Advanced neuroimaging and its role in predicting neurodevelopmental outcomes in very preterm infants
Introduction
Every year in the United States, more than 100,000 babies are born very preterm (at ≤32 weeks gestational age). Up to 35% of these infants develop cognitive, behavioral, and/or psychological abnormalities and 10% develop cerebral palsy (CP), thereby increasing their risk for poor educational, health, and social outcomes.1, 2, 3 The continuing high incidence of preterm births in the United States and worldwide—1 out of every 9 births4—coupled with improving survival rates that exceed 90% in developed countries is contributing to an increased prevalence of survivors with such neurodevelopmental impairments (NDI).5, 6 The societal economic impact of lifetime care for persons born with CP and cognitive deficits in the United States is estimated to be $15 billion and $64 billion annually, respectively.7
Children with CP typically do not receive a clinical diagnosis until 2 years of age.
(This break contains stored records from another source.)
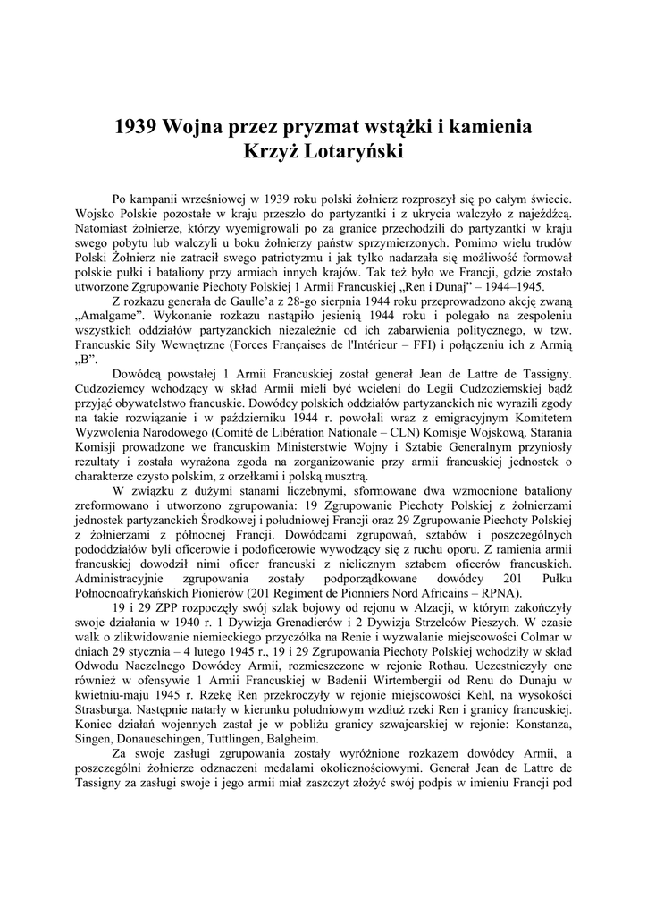 1939 Wojna przez pryzmat wstążki i kamienia Krzyż Lotaryński Po kampanii wrześniowej w 1939 roku polski żołnierz rozproszył się po całym świecie. Wojsko Polskie pozostałe w kraju przeszło do partyzantki i z ukrycia walczyło z najeźdźcą. Natomiast żołnierze, którzy wyemigrowali po za granice przechodzili do partyzantki w kraju swego pobytu lub walczyli u boku żołnierzy państw sprzymierzonych. Pomimo wielu trudów Polski Żołnierz nie zatracił swego patriotyzmu i jak tylko nadarzała się możliwość formował polskie pułki i bataliony przy armiach innych krajów. Tak też było we Francji, gdzie zostało utworzone Zgrupowanie Piechoty Polskiej 1 Armii Francuskiej „Ren i Dunaj” – 1944–1945. Z rozkazu generała de Gaulle’a z 28-go sierpnia 1944 roku przeprowadzono akcję zwaną „Amalgame”. Wykonanie rozkazu nastąpiło jesienią 1944 roku i polegało na zespoleniu wszystkich oddziałów partyzanckich niezależnie od ich zabarwienia politycznego, w tzw. Francuskie Siły Wewnętrzne (Forces Françaises de l'Intérieur – FFI) i połączeniu ich z Armią „B”. Dowódcą powstałej 1 Armii Francuskiej został generał Jean de Lattre de Tassigny. Cudzoziemcy wchodzący w skład Armii mieli być wcieleni do Legii Cudzoziemskiej bądź przyjąć obywatelstwo francuskie. Dowódcy polskich oddziałów partyzanckich nie wyrazili zgody na takie rozwiązanie i w październiku 1944 r. powołali wraz z emigracyjnym Komitetem Wyzwolenia Narodowego (Comité de Libération Nationale – CLN) Komisje Wojskową. Starania Komisji prowadzone we francuskim Ministerstwie Wojny i Sztabie Generalnym przyniosły rezultaty i została wyrażona zgoda na zorganizowanie przy armii francuskiej jednostek o charakterze czysto polskim, z orzełkami i polską musztrą. W związku z dużymi stanami liczebnymi, sformowane dwa wzmocnione bataliony zreformowano i utworzono zgrupowania: 19 Zgrupowanie Piechoty Polskiej z żołnierzami jednostek partyzanckich Środkowej i południowej Francji oraz 29 Zgrupowanie Piechoty Polskiej z żołnierzami z północnej Francji. Dowódcami zgrupowań, sztabów i poszczególnych pododdziałów byli oficerowie i podoficerowie wywodzący się z ruchu oporu. Z ramienia armii francuskiej dowodził nimi oficer francuski z nielicznym sztabem oficerów francuskich. Administracyjnie zgrupowania zostały podporządkowane dowódcy 201 Pułku Połnocnoafrykańskich Pionierów (201 Regiment de Pionniers Nord Africains – RPNA). 19 i 29 ZPP rozpoczęły swój szlak bojowy od rejonu w Alzacji, w którym zakończyły swoje działania w 1940 r. 1 Dywizja Grenadierów i 2 Dywizja Strzelców Pieszych. W czasie walk o zlikwidowanie niemieckiego przyczółka na Renie i wyzwalanie miejscowości Colmar w dniach 29 stycznia – 4 lutego 1945 r., 19 i 29 Zgrupowania Piechoty Polskiej wchodziły w skład Odwodu Naczelnego Dowódcy Armii, rozmieszczone w rejonie Rothau. Uczestniczyły one również w ofensywie 1 Armii Francuskiej w Badenii Wirtembergii od Renu do Dunaju w kwietniu-maju 1945 r. Rzekę Ren przekroczyły w rejonie miejscowości Kehl, na wysokości Strasburga. Następnie natarły w kierunku południowym wzdłuż rzeki Ren i granicy francuskiej. Koniec działań wojennych zastał je w pobliżu granicy szwajcarskiej w rejonie: Konstanza, Singen, Donaueschingen, Tuttlingen, Balgheim. Za swoje zasługi zgrupowania zostały wyróżnione rozkazem dowódcy Armii, a poszczególni żołnierze odznaczeni medalami okolicznościowymi. Generał Jean de Lattre de Tassigny za zasługi swoje i jego armii miał zaszczyt złożyć swój podpis w imieniu Francji pod aktem kapitulacji Niemiec hitlerowskich, a rajcowie miasta Colmar, dziękując za wyzwolenie wyrazili zgodę na ustanowienie jako herbu 1 Armii Francuskiej, barw i herbu miasta Colmar. Ten emblemat noszony był przez żołnierzy tej armii, w tym zgrupowań polskich, na lewym rękawie munduru. Obecnie stanowi on odznakę francuskiego i polskiego Stowarzyszenia „Ren i Dunaj”. Emblemat/naszywka obecnie Odznaka francuskiego i polskiego Stowarzyszenia „Ren i Dunaj” Zgrupowania pozostały na zachodzie wchodząc w skład francuskich wojsk okupacyjnych do listopada 1945 r., kiedy to za zgodą Władz francuskich i okupacyjnych Władz amerykańskich i francuskich, skierowane zostały z wyposażeniem, uzbrojeniem, umundurowaniem i wyżywieniem do Polski. Do kraju wyjechało około 1500 żołnierzy zgrupowań. Pozostali wrócili do rodzin i do pracy w kopalniach i fabrykach we Francji. Po przejściu przez Bawarię i Czechosłowację zgrupowania stanęły na polskiej granicy 11 listopada 1945 r. 18 listopada dotarły do Warszawy, gdzie w pełnym rynsztunku odbyła się ostatnia uroczysta defilada przyjęta przez kierownictwo państwa i Wojska Polskiego oraz francuskich przełożonych zgrupowań i korpusu dyplomatycznego, akredytowanego przy tymczasowej Władzy Rzeczpospolitej. Zakończyła się w ten sposób ostatnia droga 19 i 29 Zgrupowania Piechoty Polskiej z Francji do Polski. Honorowa Odznaka Stowarzyszenia Byłych Żołnierzy 1 Armii Francuskiej „Ren i Dunaj” Opis honorowej Odznaki Stowarzyszenia Byłych Żołnierzy 1 Armii Francuskiej „Ren i Dunaj” „Krzyż Lotaryński”. Awers: Odznakę stanowi krzyż lotaryński (rys. 1.) posiadający dwa ramiona poziome i jedno pionowe. Odznaka wykonana jest z białego srebrzonego i oksydowanego metalu. Na pionowym ramieniu znajdują się dwie odznaki: Odznaka 1 Armii Francuskiej (odznaka górna) oraz Odznaka pamiątkowa 19 i 29 Zgrupowania Piechoty Polskiej (odznaka dolna). Oprócz odznak na ramieniu pionowym widnieją dwa napisy: nad odznakami STOWARZYSZENIE, pod odznakami SEKCJA/POLSKA. Na poziomych ramionach krzyża znajdują się kolejne napisy: na górnym BYŁYCH ŻOŁNIERZY 1 ARMII FRANCUSKIEJ, na dolnym REN i DUNAJ. U góry Odznaki jest ucho do zamocowania kółka wstążki. Wstążka ma szerokość 35 mm. Kolorystyka wstążki nawiązuje do barw narodowych Pol
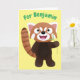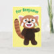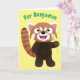 This happy, cute red panda is enjoying a bamboo snack. Drawn in adorable cuddly cartoon style.
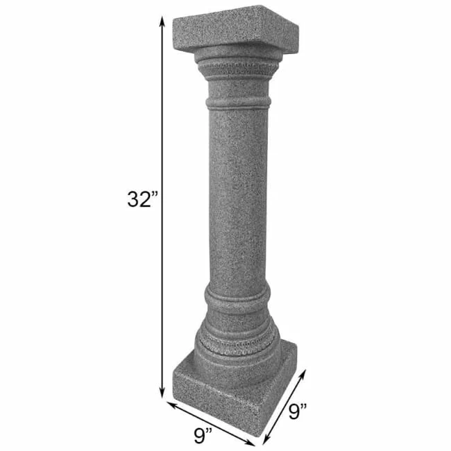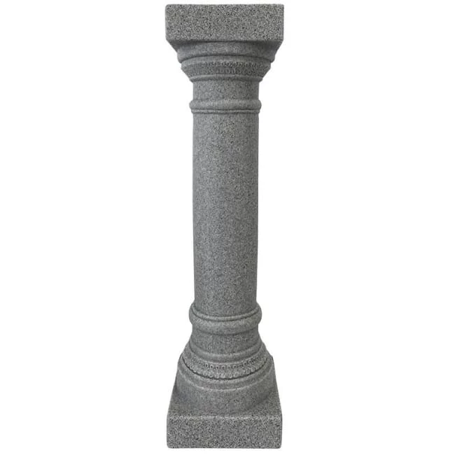 Classically and easily elevate the motif of your backyard or landscaping using this Emsco Group Granite Colored Greek Column Pedestal. The center, rounded support, square top and base, and raised accents throughout this resin piece bring a touch of classical Greek style to the forefront of your yard, while creating a place to showcase a potted plant or other adornment. A bevy of dark and light gray, mottled hues throughout the unit evoke granite, furthering the motif. The 8.75″ square top holds potted plants with an 8″ diameter or smaller base, or readily showcases a horizontal sundial with a level bottom. Fill this column with sand or gravel by removing the rubber plug on its base, for stability when placed outdoors. Its 9″ square footer rests on a level surface in your landscaping or on your patio with ease, and the raised bands and slight scrollwork at the top and base complete the timeless look. The resin body and gray color look great and evoke granite, and the piece weathers beautifully for many seasons of service. Create a timeless display for your garden accent using this Granite Colored Greek Column Pedestal. Made in the USA.
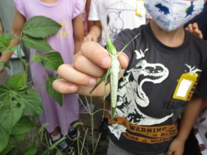 「見て見て!ちょうちょがいるよ。」「バッタって,こんなに跳ぶんだね。」と,喜んで観察をしていました。
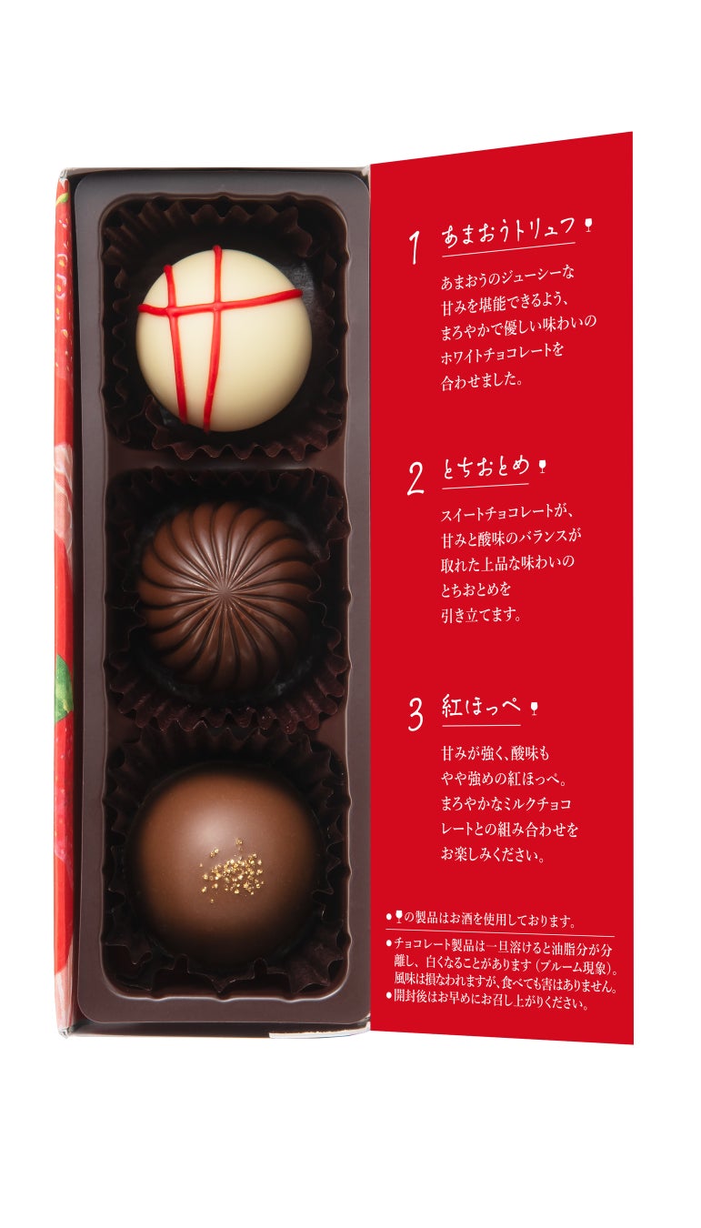 いちごやコーヒー、ナッツ、洋酒など、それぞれのテーマごとに3種類の素材を使用したチョコレートを手軽に、お手頃価格で味わうことができるチョコレートです。素材を前面に押し出した、温かみのある可愛らしいパッケージも特長です。

Cognitive deficits and behavioral/psychological abnormalities cannot be reliably diagnosed until 3–5 years of age.8, 9, 10 Yet, in the first 3 years after birth, the brain undergoes dramatic growth, and trillions of synaptic connections are laid down.11 These sensitive early years are critical for neuroplasticity.12 Early diagnosis of developmental disabilities using traditional means is however unlikely because neurologic function is still very immature at birth. Development of imaging prognostic biomarkers at birth could fill this critical need for early diagnosis. Such an advance would facilitate targeted delivery of evidence-based infant stimulation programs or new neuroprotective interventions13, 14, 15 after neonatal intensive care unit (NICU) discharge to preserve brain development and/or promote neuroplasticity. Prognostic biomarkers could also be developed into surrogate endpoints of NDI at term-equivalent age (TEA) for more efficient testing of neuroprotective clinical trials during the initial neonatal intensive care stay.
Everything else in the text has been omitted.